YOUR GOAL: A faithful copy of the data below is required, leaving out every picture.

EXERCISE DATA:
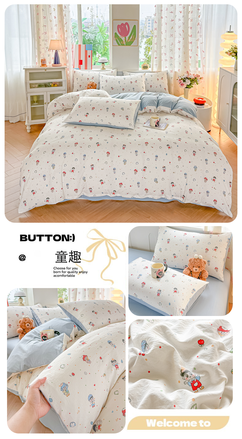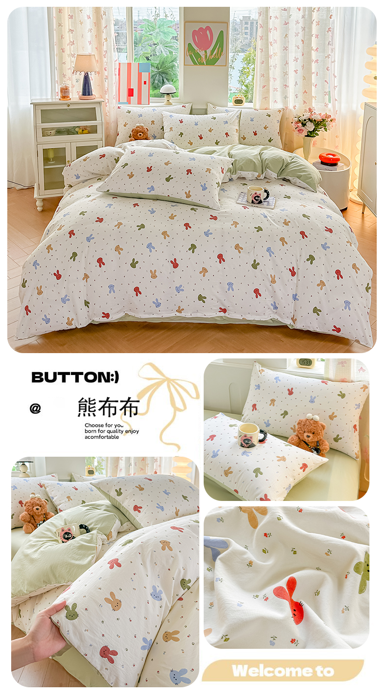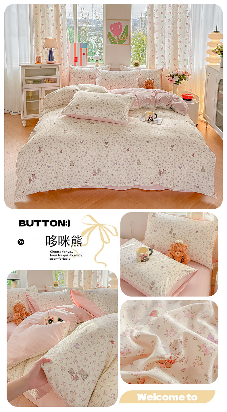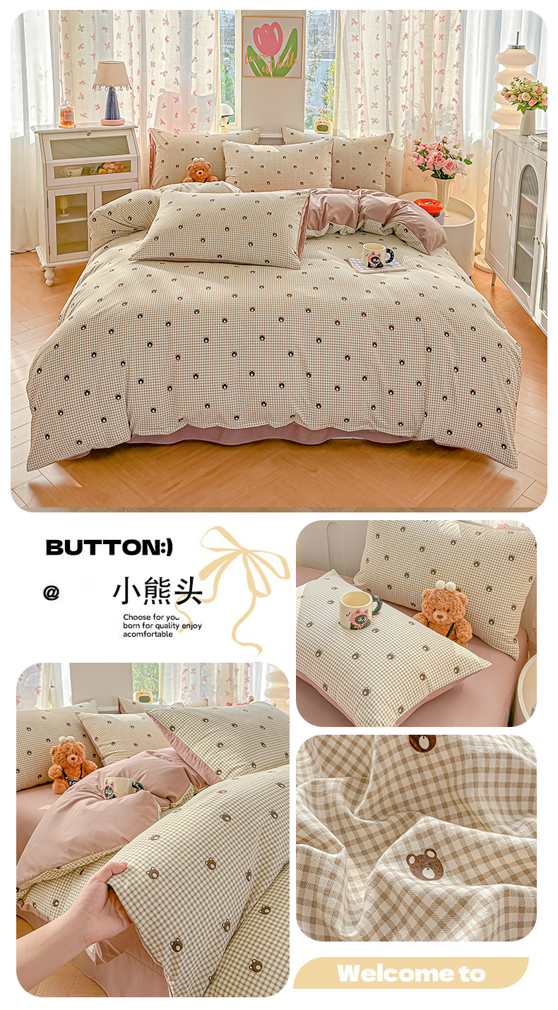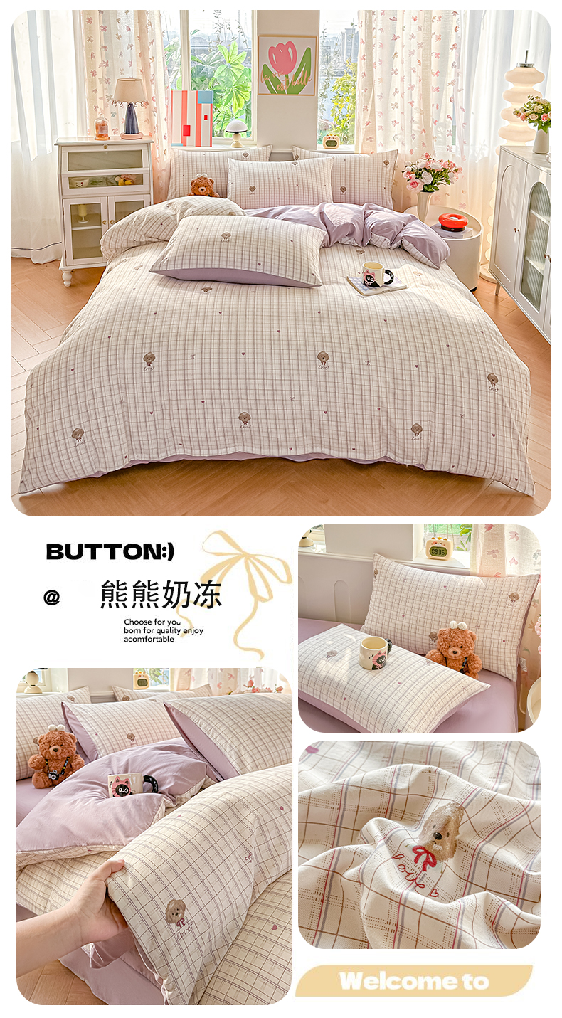 当前位置: 91家纺网 > 商品网购 > 床品套件 > 四件套 > 水洗棉四件套 > 利禾家纺 2026新款春夏古法水洗仿棉云感纱四件套小布袋五件套 熊布布
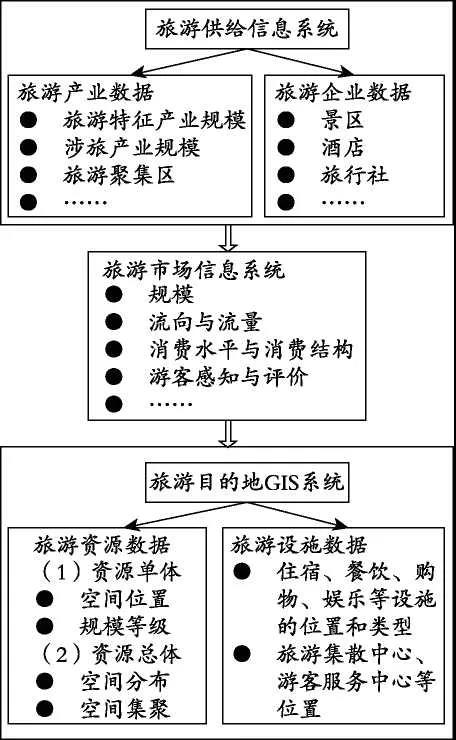 Data from different channels are collected by different means, and the collected data are cleaned and classified, and stored in the database according to the hierarchical classification principle to form a tourism database. The database can be divided into tourism supply information system, tourism market information system and tourism destination GIS system, as shown in Figure 2.
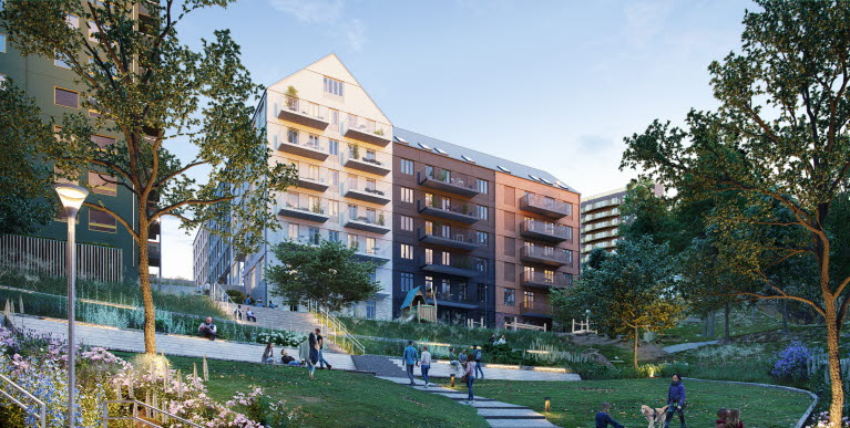 I Kv. Hållbarheten har vi byggt hyresrätter på 1-4 rok. Kvarteret består av 73 hyresrätter och 12 delningslägenheter för ca 120 hyresgäster. Delningslägenheter är byggda tillsammans med Colive. Kvarteret angränsar till den blivande förskolan och till Terrassparken. På innergården finns sociala ytor och ett utegym.
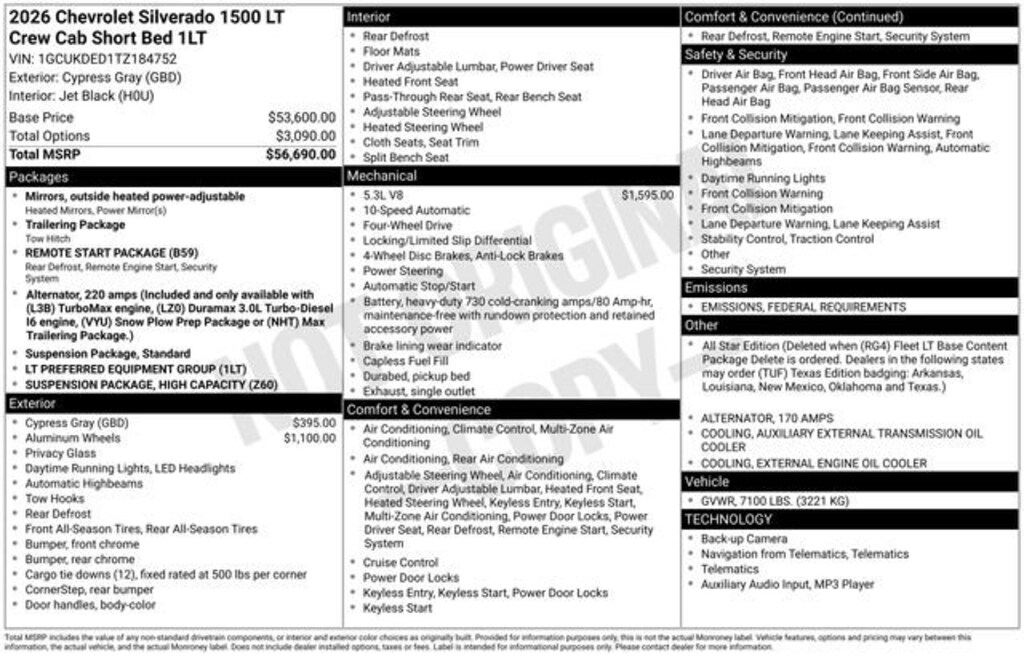 New 2026 ChevroletSilverado 1500 LT Crew Cab
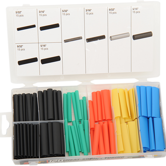 Caracteristicas: 120 assorted sizes and colors of heat shrink tubing in divided container Includes five colors of 5/32", 3/16", 9/32" and 5/16" diameter heat shrink 100% polyolefin construction and UL listed Rated for continuous use with temperatures between -60°-275°F
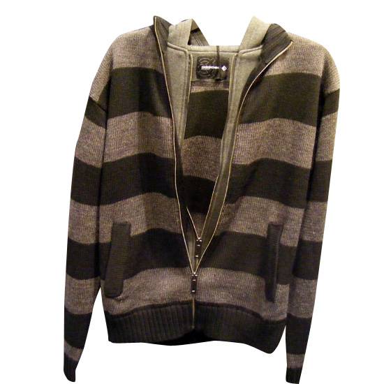 This men's cardigan is designed with brown and grey striped patterns. There are two side pockets to put wearer's personal stuff. Moreover, it has a smooth zipper closure with well knitted trim finishing.
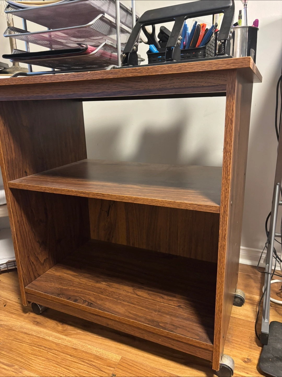 Selling a brown wooden rolling cart. It features two shelves and is on wheels for easy movement. Perfect for adding extra storage to any room! Great for printer and paper in home office.
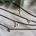 慵懒迷人气质 重工串珠黑尖晶编织蕾丝choker14k包金锁骨链choker
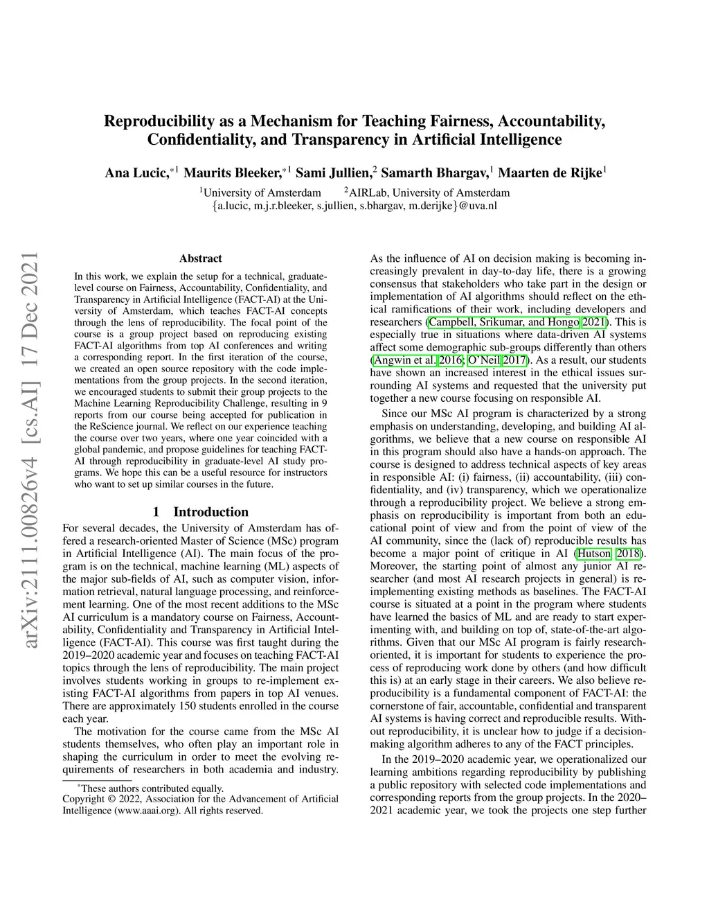 Reproducibility as a Mechanism for Teaching Fairness, Accountability,
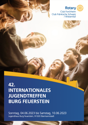 Von Sonntag, 04.06. bis Samstag, 10.06.2023 findet das 42. Internationale Jugendtreffen, organisiert von den Rotary Clubs Forchheim und Fränkische Schweiz-Wiesenttal, statt.
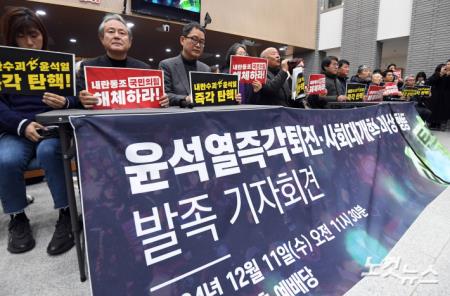 11일 오후 서울 종로구 향린교회에서 ‘윤석열 즉각 퇴진·사회대개혁 비상행동 발족 기자회견’ 이 열리고 있다.
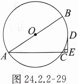 6. (山东济宁中考)如图24.2.2 - 29,已知⊙O的直径AB = 12,弦AC = 10,D是$\overset{\frown}{BC}$的中点,过点D作DE⊥AC交AC的延长线于点E。
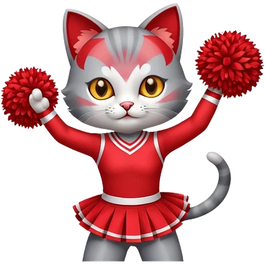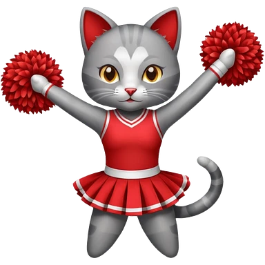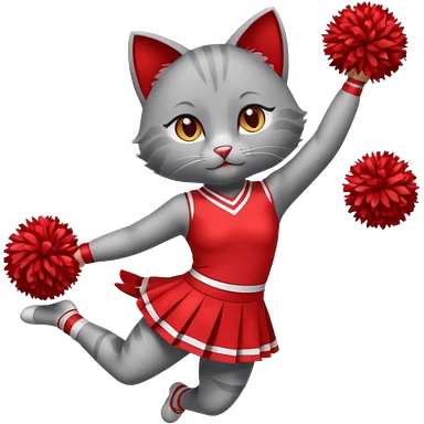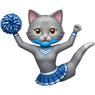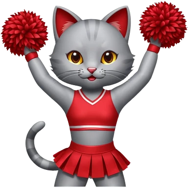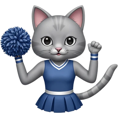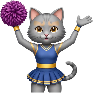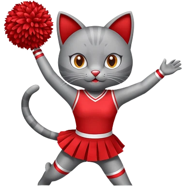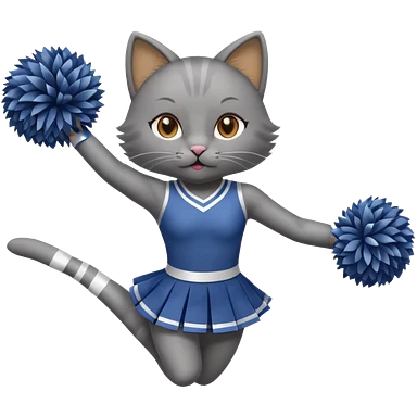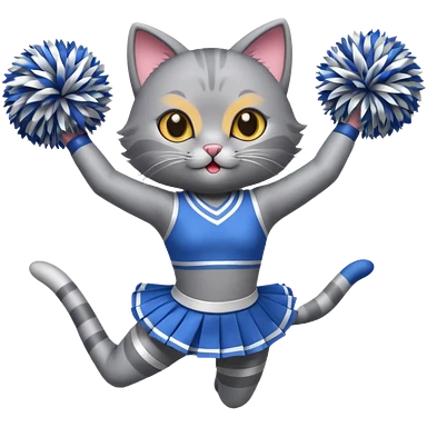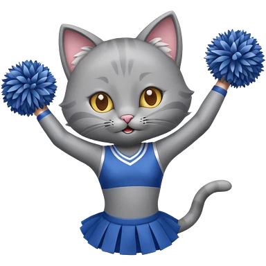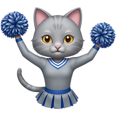 A sleek grey cat cheerleader twirling pom-poms with confident energy. emoji
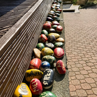 My painted stones look lovely in the autumn sunshine. A nice reminder of places I have visited.
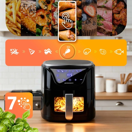 7 voorinstellingen (friet, pizza, kippenvleugels, drumsticks, steak, garnalen, vis)
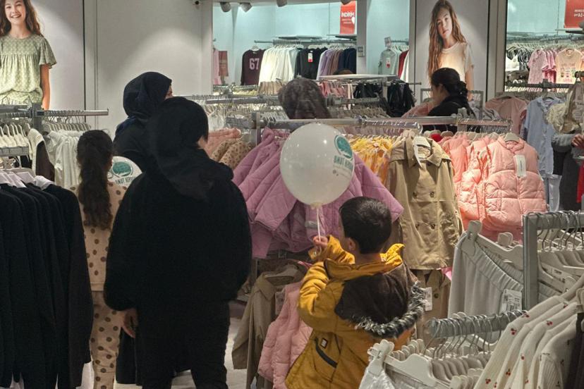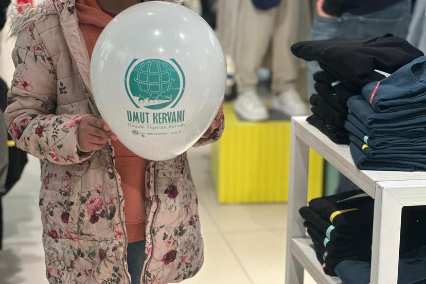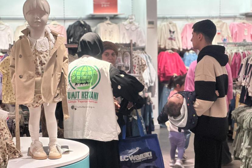 Kentte bulunan bir giyim mağazasında gönüllerinin istediği gibi alışverişlerini gerçekleştiren çocuklar seçtikleri elbiseleri Umut Kervanı aracılığıyla aldılar.
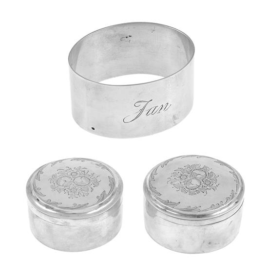 A SWEDISH SILVER NAPKIN RING AND TWO VANITY JARS

EXPECTED ANSWER:
 当前位置: 91家纺网 > 商品网购 > 床品套件 > 四件套 > 水洗棉四件套 > 利禾家纺 2026新款春夏古法水洗仿棉云感纱四件套小布袋五件套 熊布布
 Data from different channels are collected by different means, and the collected data are cleaned and classified, and stored in the database according to the hierarchical classification principle to form a tourism database. The database can be divided into tourism supply information system, tourism market information system and tourism destination GIS system, as shown in Figure 2.
 I Kv. Hållbarheten har vi byggt hyresrätter på 1-4 rok. Kvarteret består av 73 hyresrätter och 12 delningslägenheter för ca 120 hyresgäster. Delningslägenheter är byggda tillsammans med Colive. Kvarteret angränsar till den blivande förskolan och till Terrassparken. På innergården finns sociala ytor och ett utegym.
 New 2026 ChevroletSilverado 1500 LT Crew Cab
 Caracteristicas: 120 assorted sizes and colors of heat shrink tubing in divided container Includes five colors of 5/32", 3/16", 9/32" and 5/16" diameter heat shrink 100% polyolefin construction and UL listed Rated for continuous use with temperatures between -60°-275°F
 This men's cardigan is designed with brown and grey striped patterns. There are two side pockets to put wearer's personal stuff. Moreover, it has a smooth zipper closure with well knitted trim finishing.
 Selling a brown wooden rolling cart. It features two shelves and is on wheels for easy movement. Perfect for adding extra storage to any room! Great for printer and paper in home office.
 慵懒迷人气质 重工串珠黑尖晶编织蕾丝choker14k包金锁骨链choker
 Reproducibility as a Mechanism for Teaching Fairness, Accountability,
 Von Sonntag, 04.06. bis Samstag, 10.06.2023 findet das 42. Internationale Jugendtreffen, organisiert von den Rotary Clubs Forchheim und Fränkische Schweiz-Wiesenttal, statt.
 11일 오후 서울 종로구 향린교회에서 ‘윤석열 즉각 퇴진·사회대개혁 비상행동 발족 기자회견’ 이 열리고 있다.
 6. (山东济宁中考)如图24.2.2 - 29,已知⊙O的直径AB = 12,弦AC = 10,D是$\overset{\frown}{BC}$的中点,过点D作DE⊥AC交AC的延长线于点E。
 A sleek grey cat cheerleader twirling pom-poms with confident energy. emoji
 My painted stones look lovely in the autumn sunshine. A nice reminder of places I have visited.
 7 voorinstellingen (friet, pizza, kippenvleugels, drumsticks, steak, garnalen, vis)
 Kentte bulunan bir giyim mağazasında gönüllerinin istediği gibi alışverişlerini gerçekleştiren çocuklar seçtikleri elbiseleri Umut Kervanı aracılığıyla aldılar.
 A SWEDISH SILVER NAPKIN RING AND TWO VANITY JARS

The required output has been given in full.